Sampling & Engine

Charts Execution Engines

The choice of execution engine determines how Dataiku DSS processes data for charts. DSS will automatically suggest an engine based upon the dataset and sampling settings. The DSS engine is available for all dataset types, while the In-database engine is available for some data sources that support SQL queries. See below for details.

DSS

The DSS engine uses a highly-optimized column-based and compressed storage format, which enables it to perform blazing fast aggregations and other visual analytics queries. The DSS engine takes full advantage of modern CPU caches.

The DSS engine does not require that the chart data be loaded in memory, but is instead able to efficiently stream data from disk and perform queries on the fly. This allows you to perform visual analytics on very large data extracts that would not fit in RAM using commodity hardware.
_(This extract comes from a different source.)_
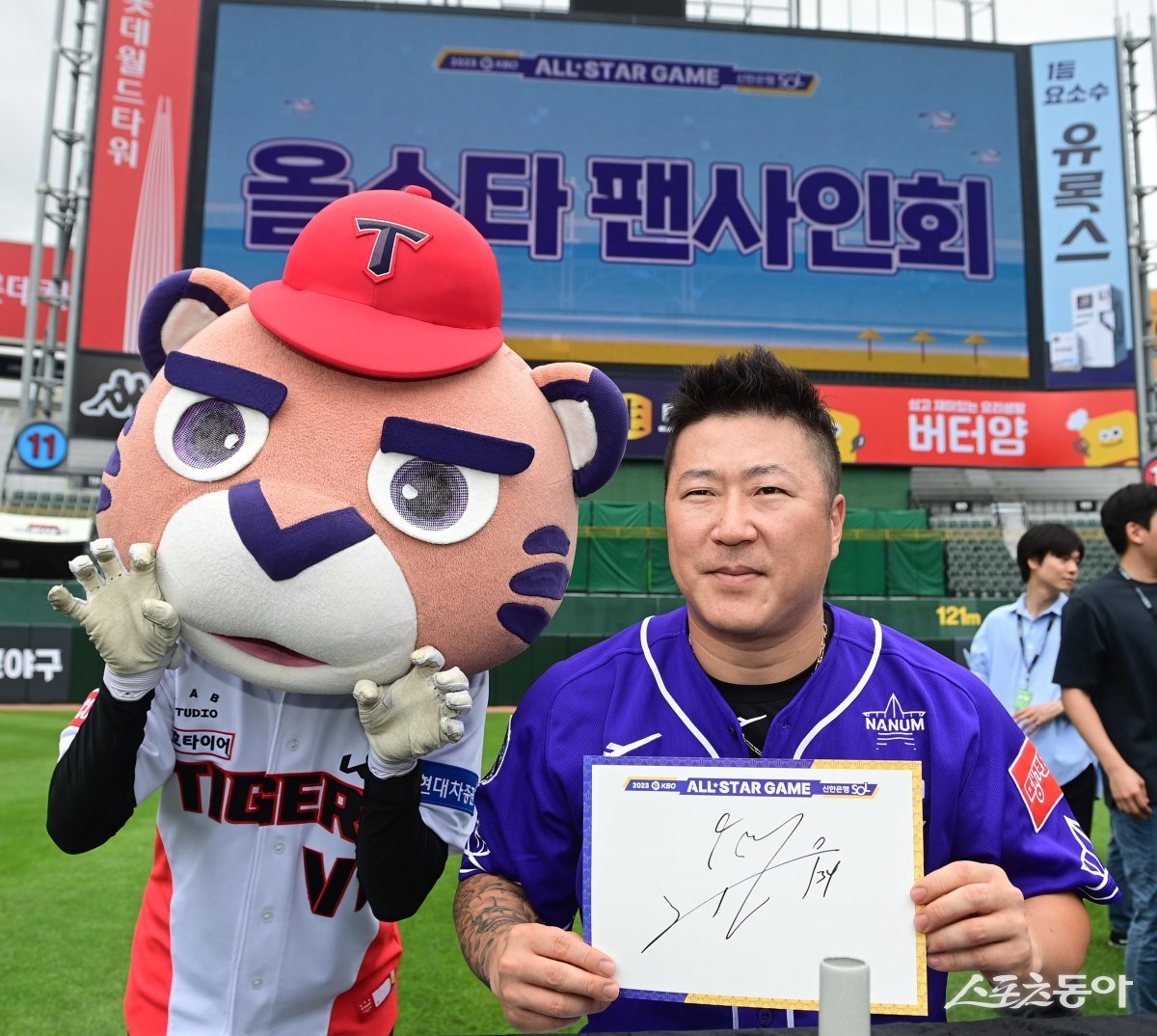 15일 부산 사직야구장에서 ‘2023 신한은행 SOL KBO 올스타전’ 드림 올스타와 나눔 올스타의 경기에 앞서 올스타 팬사인회가 열렸다. KIA 최형우가 포즈를 취하고 있다.

The DSS engine extracts data from your data source, transforms it in its optimized format, and then performs all queries using the pre-optimized data. Once data has been loaded in the Charts Engine, it won’t need to access your data source anymore, unless the source data changes.

The DSS engine can therefore perform visual analytic queries on all data sources that DSS supports, even data sources that are not at all suited for analytics, like CSV files.

In-database

In addition to the DSS Charts Engine, DSS can perform visual analytic queries directly in the database, using DB-specific SQL queries. Switching between engines can be useful, for example, to prepare your charts on a sample of the full dataset using the DSS engine and then switch to the In-database engine for full-dataset analytics.

In-database processing is available for the following datasets:

  • PostgreSQL

  • MySQL

  • Vertica

  • HDFS - Using Cloudera Impala, if it is installed and the HDFS data source is compatible with Impala.

Note

The In-database engine is not available in Visual Analyses.

Sampling

By default, the charts engine uses the same sample defined on the Explore tab. You can define a charts-specific sample using the same sampling options available in Explore.

Note

The DSS Charts Engine does not require data to fit in memory, however it stores its optimized format on the disk on which DSS resides.

Therefore, for large samples, you need to make sure that you have enough space on this disk to store your data extracts.

Limit Memory Usage

RAM

By default, DSS limits the memory usage of a chart to 150MB. In general, you shouldn’t need to adjust this, but you can increase the value to improve the performance of charts, or decrease the value to improve the performance of your server.

Number of bins

By default, the number of bins on a chart is limited to 50000. It can be changed by editing the file DATADIR/config/dip.properties and set the key dku.charts.maxBins to the new desired limit.